Open sky and heights. He’d been somewhere dark and fetid, but it was ancient and forgotten to him. There was something of great import that he must do, but he had no memory of what and it didn’t vex him.
The hill he stood upon was more mountain than hill, and he felt a great relief to be there, like he could stretch his arms and soar. There was no charge, no walls, and no authority left to weigh on him. He was alone, as he always was, but without burden. He was his own man and at peace. The sky was light and simple like a springs day, though he only knew it and could not see it. He knew it was a virgin blue and the few clouds a brilliant white, but they were far away. He knew the sun was bright, but he couldn’t feel it on his skin for he wasn't meant to.
Far below was a great sea. The blue expanse married the land that nestled the sprawl of a great town. He knew it to be bustling and buzzing as a hive of life, but he couldn’t hear the children or trade.

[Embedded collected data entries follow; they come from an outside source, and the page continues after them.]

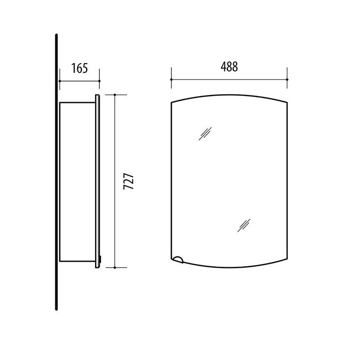 488 x 727 x 165 mm (plotis, aukštis, gylis)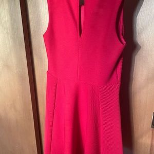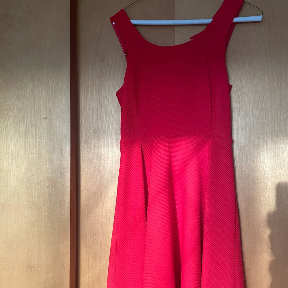 Pretty bright red dress with a fun “lined” texture. Fits snug on the sides and flowy on the bottom. Worn for a wedding guest dress!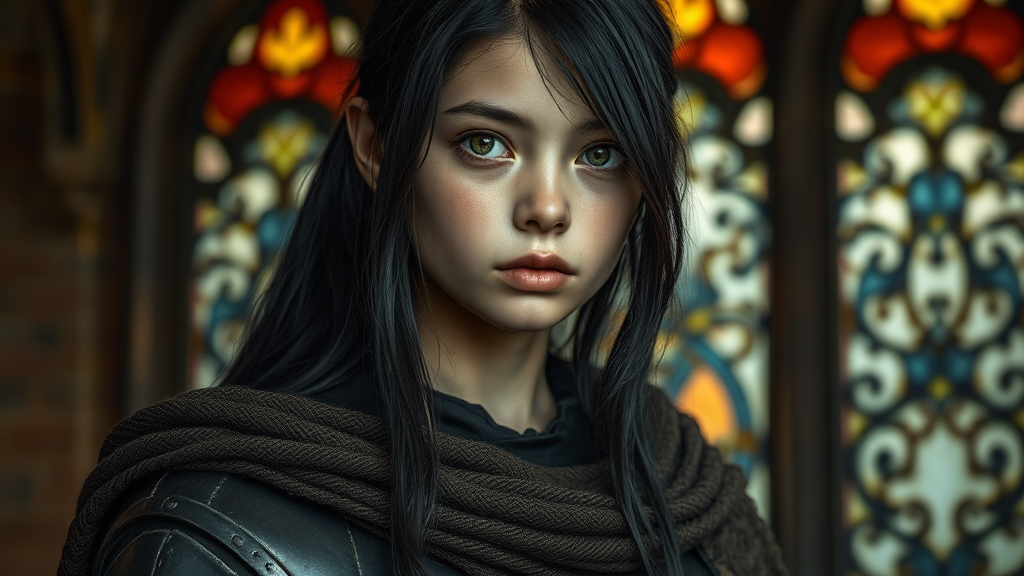 Portrait in three-quarter close-up, dark fantasy film style, stunningly beautiful slender girl, captivatingly innocent face, long black hair, worn black knight armor made of weathered steel, intricately detailed tattered dark brown wool cloak with a coarse weave, set against a stained glass backdrop, ominous and eerie atmosphere, natural swirling textures, expressive and detailed background, hyper-realistic with natural daylight reflections, rich textures, and stained glass illumination. Emphasizing cinematic lighting, with natural light accentuating round window designs, adding ethereal qualities to the scene. Avoiding any unnatural or exaggerated features, ensuring anatomical correctness and harmonious proportions, rejecting elements that detract from the natural and artistic essence of the image. The character exhibits a serene yet mysterious allure, seamlessly blending fantastical elements with realistic traits for a truly immersive visual experience.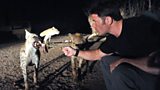 Joel and Shini are in Wales for a close-up encounter feeding crocodiles. (R)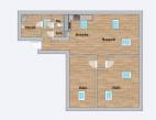 A NAPPALIRÓL és a HÁLÓKRÓL készült BÚTOROZOTT KÉPEK látványtervek. Céljuk a lakás arányainak és berendezhetőségének bemutatása.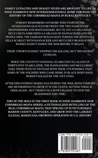 Family loyalties and deadly feuds are brought to life in Ninie Hammon's new intergenerational romp through the history of The Cornbread Mafia in rural Kentucky. Nobody remembers anymore who started the generations-old feud between the two families of moonshiners and bootleggers. But in 1933 a carload of McCluskys ambushed a carload of Hannackers and six people died. The families would have turned the Kentucky hills scarlet with Hannacker and McClusky blood if four women hadn't ended the war before it began. Their "Crow's Pledge" stopped the killing, but the hatred lived on. When the county's National Guard unit is called up thirty-five years later, the Hannackers and McCluskys take their feud to Vietnam with them. It's possible that some of the soldiers who came home in black body bags weren't killed by the Viet Cong. After discovering marijuana during the war, both families are determined to grow it in the States, setting them at odds again. But there's no Crow's Pledge to stop the bloodshed this time. Fire In The Hole is the first book in Ninie Hammon's new Cornbread Mafia series, a fictionalized retelling of the real Cornbread Mafia that sprung up in picturesque Marion County, Kentucky, and grew into the largest illegal marijuana-growing operation in U.S. history.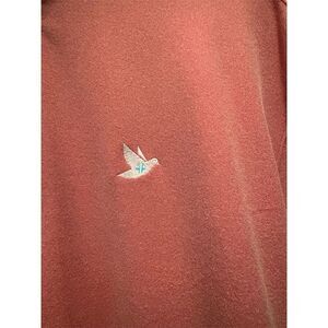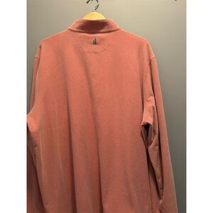 This Johnnie-O men's pullover sweater in size 2XL features a relaxed fit and is crafted from a blend of polyester and spandex. Designed for casual fall wear, it comes in a light mauve color with a solid pattern and includes a quarter zip and logo. The sweater is machine washable and originates from Korea. It has long sleeves and is not vintage. The item is pre-owned with noticeable pilling and wear.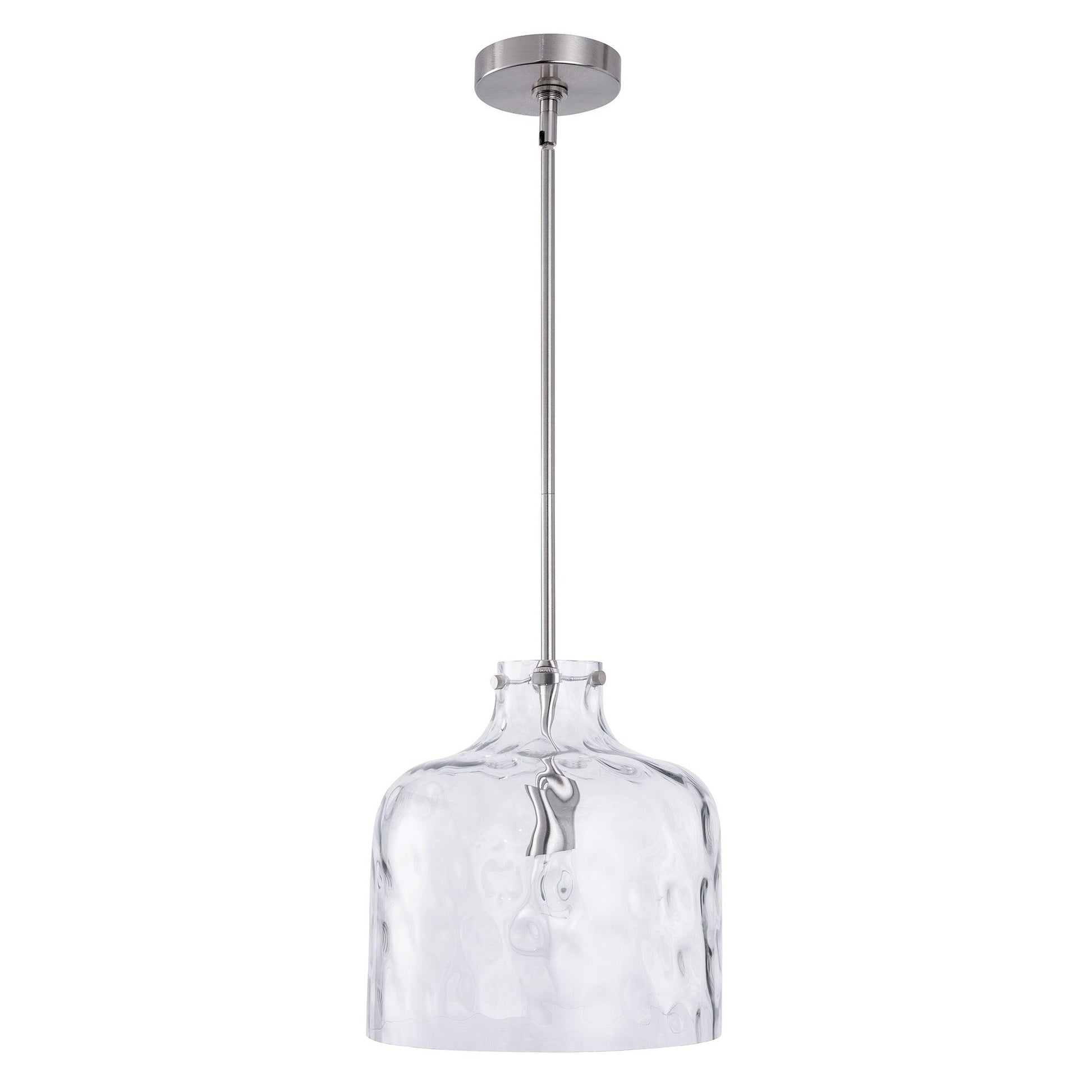 The Kara Farmhouse 1-Light Textured Glass Nickel Pendant Light is the perfect addition to your home lighting collection. Crafted from durable steel, this pendant light is built to last and adds a touch of elegance to any room in your home.
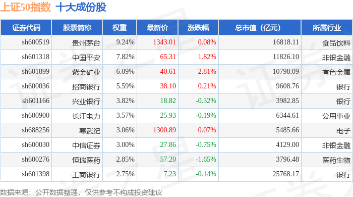 证券之星消息,1月27日,上证50(000016)指数报收于3052.39点,涨0.09%,成交2023.27亿元,换手率0.45%。当日该指数成份股中,上涨的有17家,中国人寿以3.35%的涨幅领涨,下跌的有33家,陕西煤业以2.65%的跌幅领跌。

The town was easy to map from there, and this satisfied him as lord over domain, but dread filled him.
He knew the terrible secret of that place as much as he knew its fate. The doom was not of its own making, but still it lurked eternally. He could see the thing that should not be, as if it was of the town and people. He knew it was his responsibility, but he’d failed and his shame spilled forth over his hill.
He watched the tide shrink away beyond the horizon, replaced with deadly cliffs of racing blue, so deep it was black as bile.
The town was silent to him, to the end. The waves washed it clean until all was still. He faded to consuming darkness; his fury muted and his mind lost. He was alone, as he always was; adrift in the nothing. He felt a pulsing in his ears that grew, and grew. The steady throb took his throne; a maddening hammering of a hidden, dark heart; until he too was at peace, and all was of the kingdom of one beating will.